= Quartal and quintal harmony =

Types of harmonic structures in music

In music, quartal harmony is the building of harmonic structures from the intervals of the perfect fourth, the augmented fourth, and the diminished fourth. For instance, a three-note quartal chord on C can be built by stacking perfect fourths, C–F–B♭.

Quintal harmony is harmonic structure preferring the perfect fifth, the augmented fifth and the diminished fifth. For instance, a three-note quintal chord on C can be built by stacking perfect fifths, C–G–D.

== Properties ==

The terms quartal and quintal imply a contrast, either compositional or perceptual, with traditional harmonic constructions based on thirds: listeners familiar with music of the common practice period are guided by tonalities constructed with familiar elements: the chords that make up major and minor scales, all in turn built from major and minor thirds.

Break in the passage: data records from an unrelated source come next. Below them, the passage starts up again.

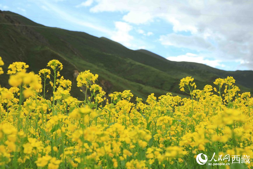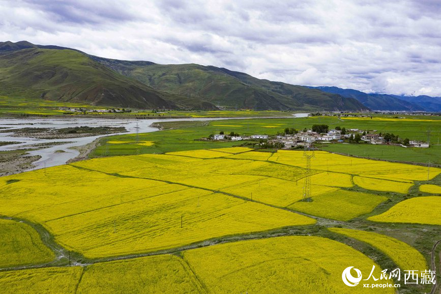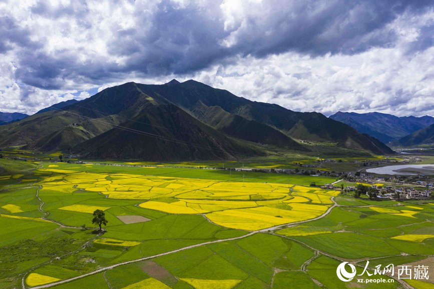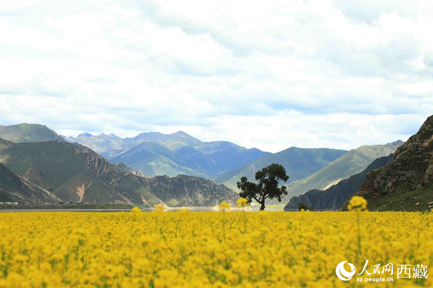 七月,正值拉薩墨竹工卡縣油菜花盛放的季節(jié)。經(jīng)過充足的光照、豐沛的雨水,大地仿佛披上金毯,黃燦燦的油菜田與翠綠的山巒構(gòu)成了一幅美麗的鄉(xiāng)野畫卷。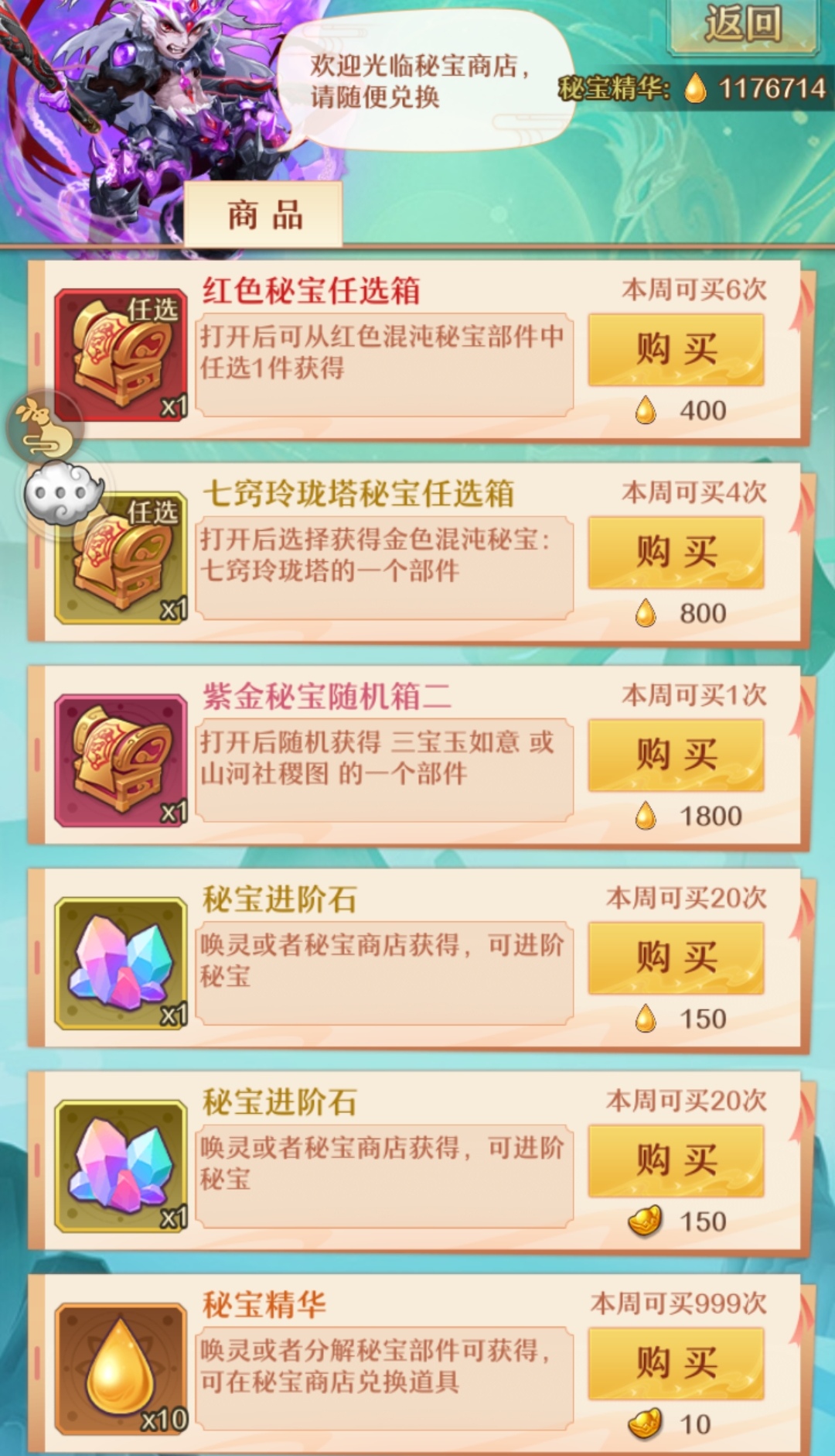 1,秘宝商店的购买优先级。【紫金秘宝随机箱2>七窍玲珑塔密宝任选箱>红色密宝任选箱>秘宝进阶石】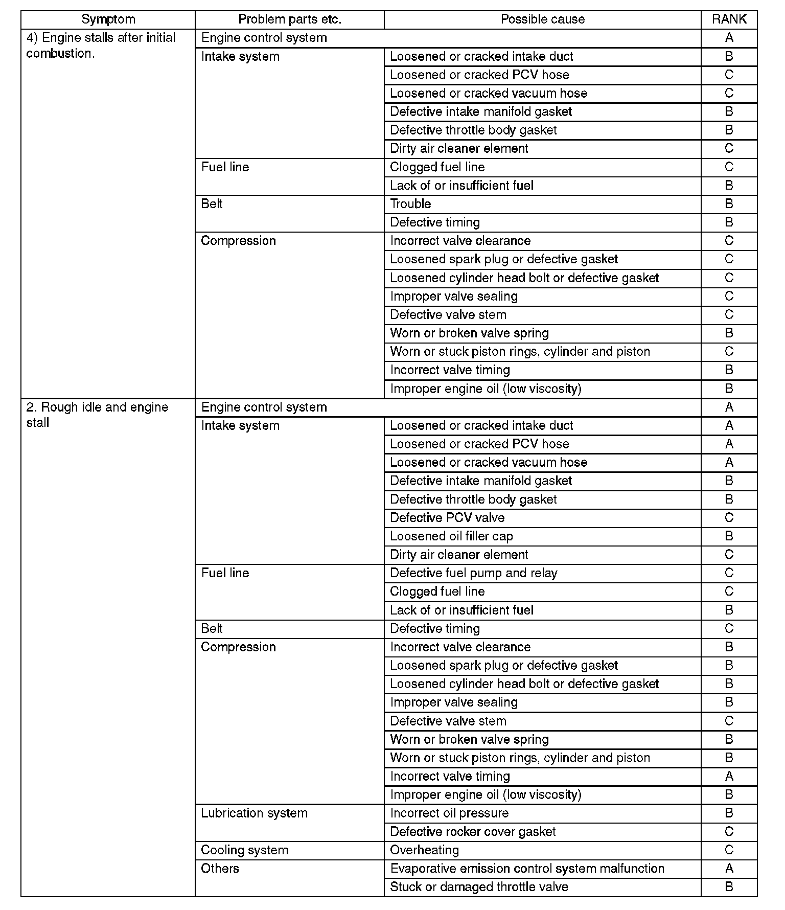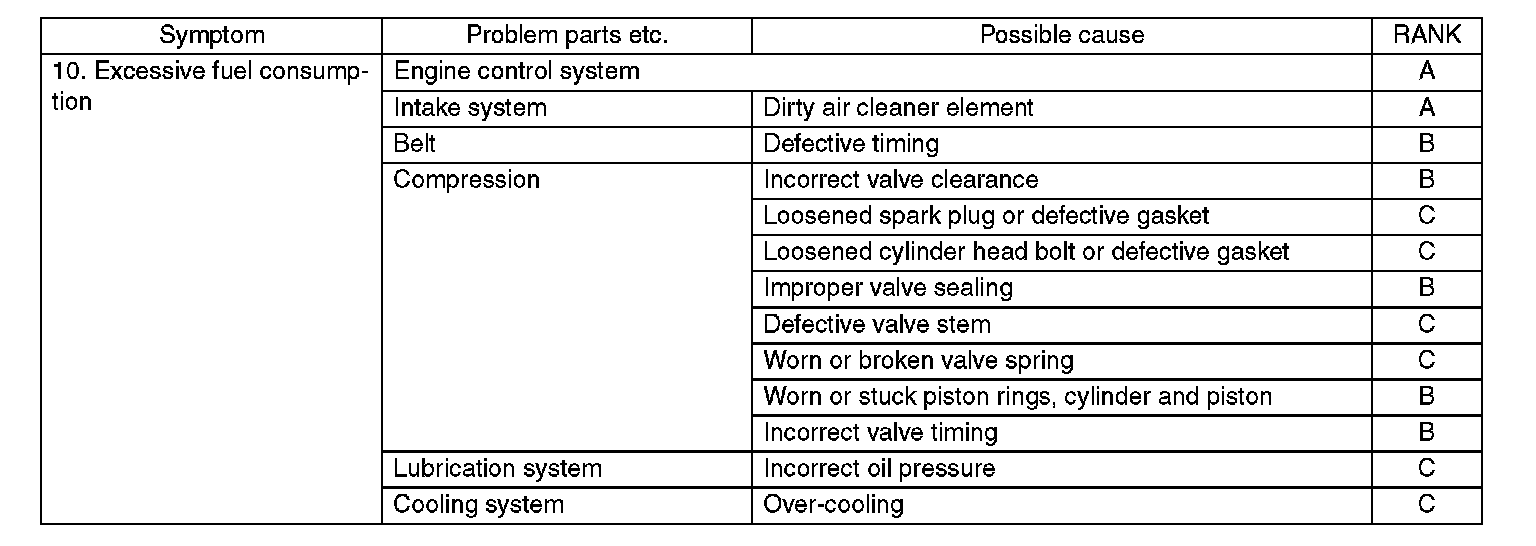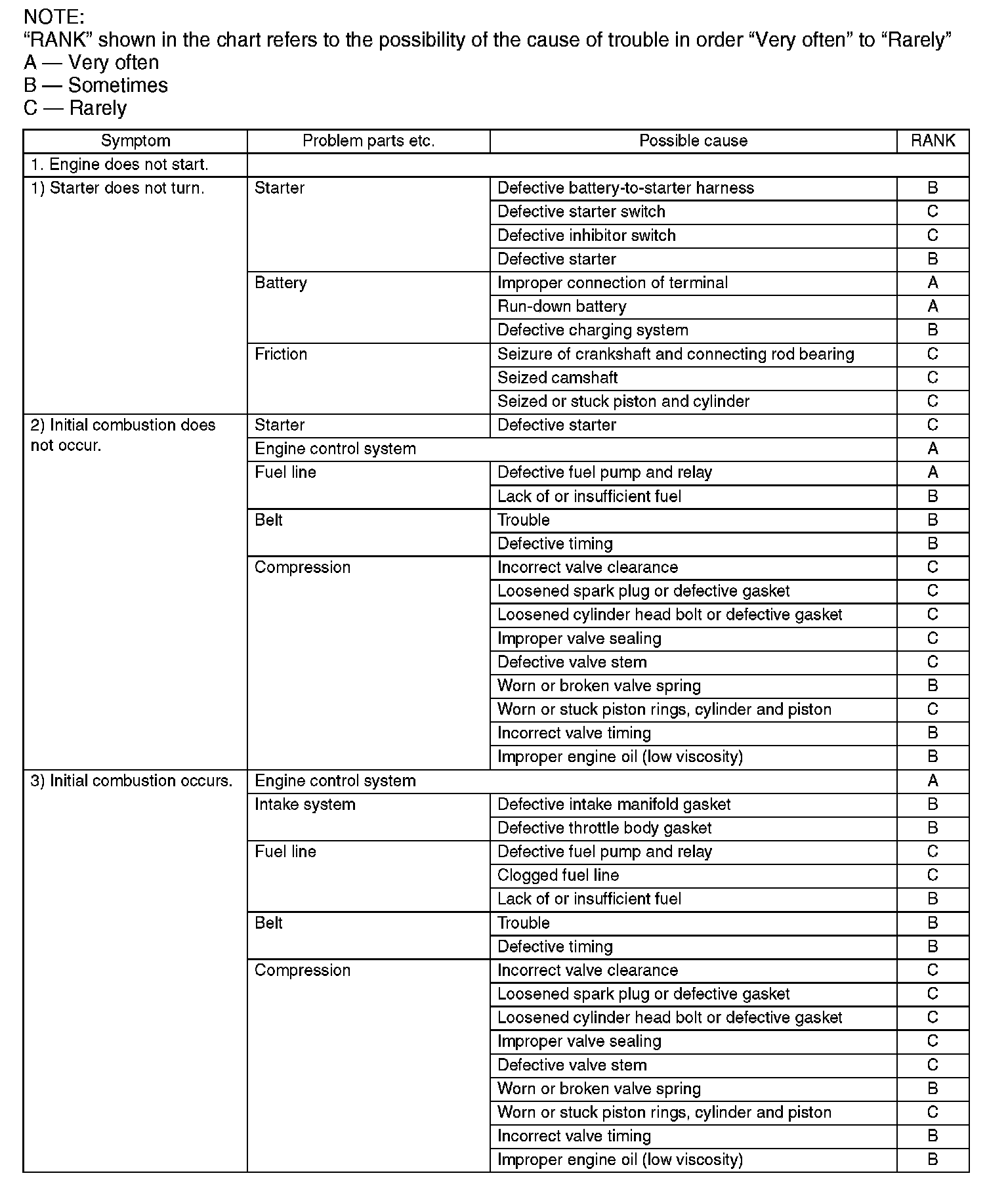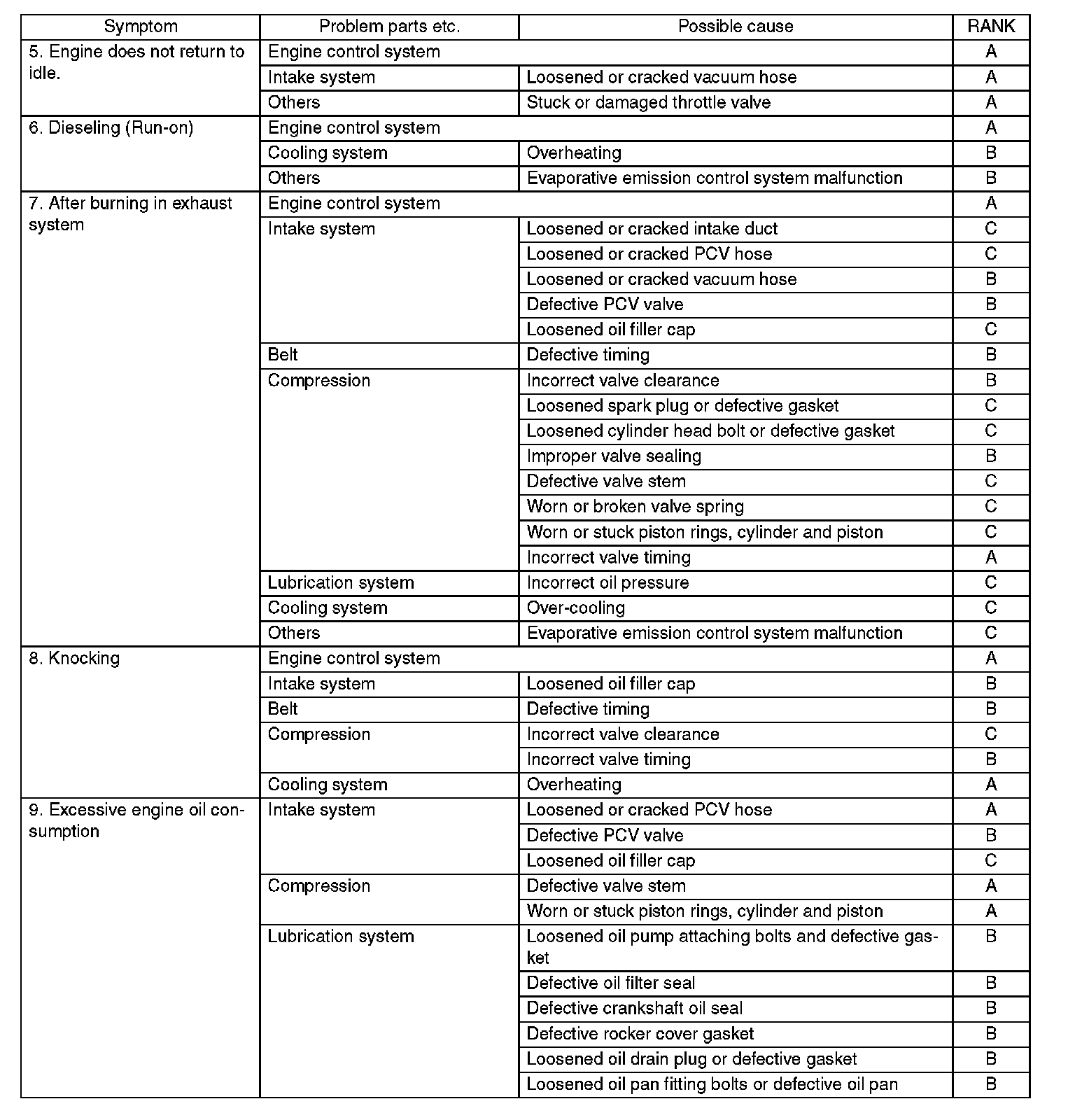 "RANK" shown in the chart refers to the possibility of the cause of trouble in order "Very often" to "Rarely"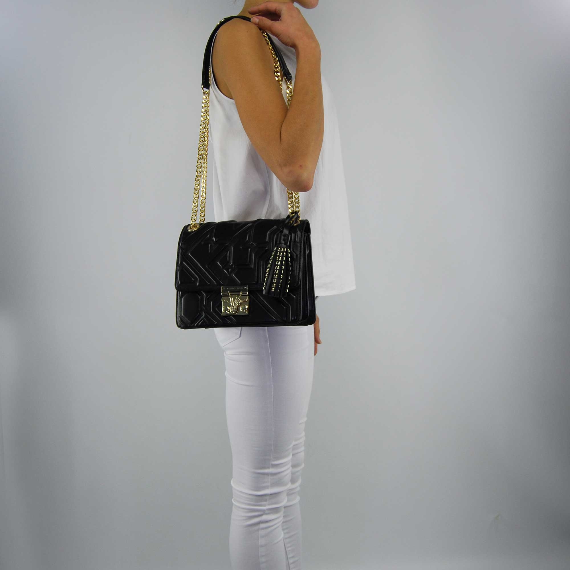 Borsa tracolla Versace Jeans in ecopelle nera, chiusura con patta e gancio decorativo con logo del brand. All'interno presenta tre scomparti, quello centrale chiuso con zip dorata. Piccola tasca portaoggetti all'interno. Fodera interna nera, sacca proteggi polvere originale inclusa.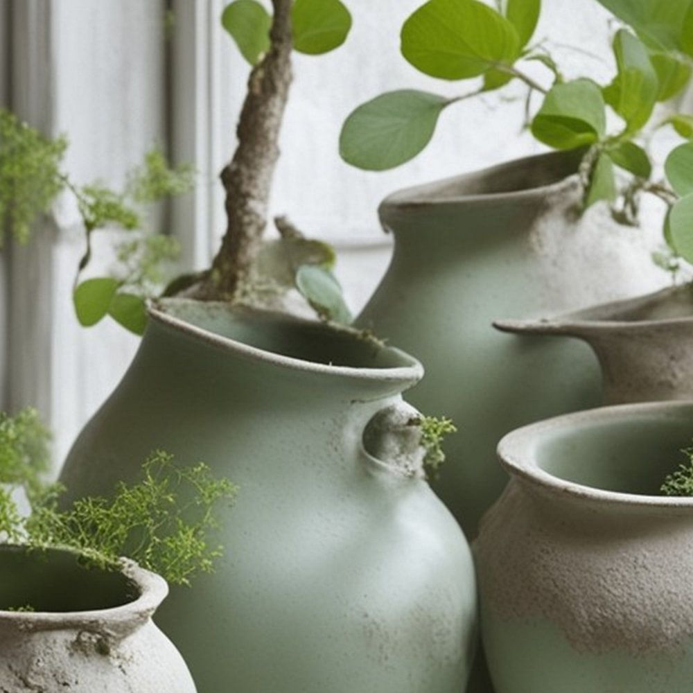 Vieilles poteries rondes en pierre de couleur vert tendre blanc gris sur un rebord de fenêtre crépi blanc gris devant la fenêtre, une image paisible pour l'inspiration de votre chambre ou de votre cuisine.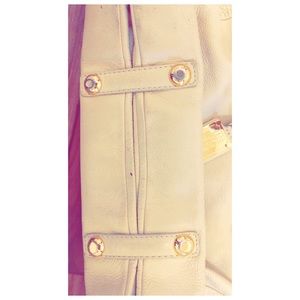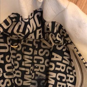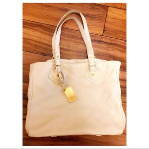 Marc Jacobs ivory leather purse. Gently used condition; there is some slight wear on the handles but still has a lot of life in this bag. Genuine leather & all hardware attached & in good condition. The lining is signature Marc Jacobs print, but there is an ink stain on the bottom of the bag (as pictured.)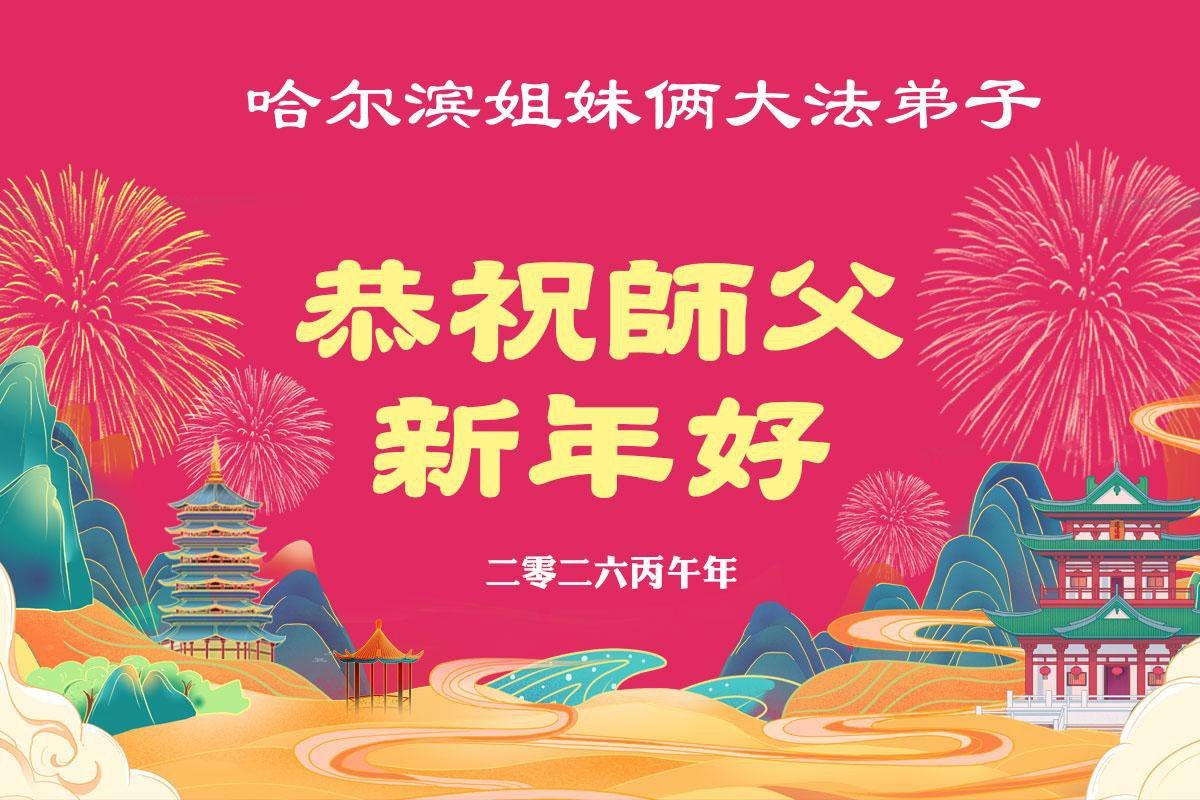 黑龍江省哈爾濱市姐妹倆大法弟子恭賀偉大師尊新年快樂!

Regarding chords built from perfect fourths alone, composer Vincent Persichetti writes that:

Chords by perfect fourth are ambiguous in that, like all chords built by equidistant intervals (diminished seventh chords or augmented triads), any member can function as the root. The indifference of this rootless harmony to tonality places the burden of key verification upon the voice with the most active melodic line.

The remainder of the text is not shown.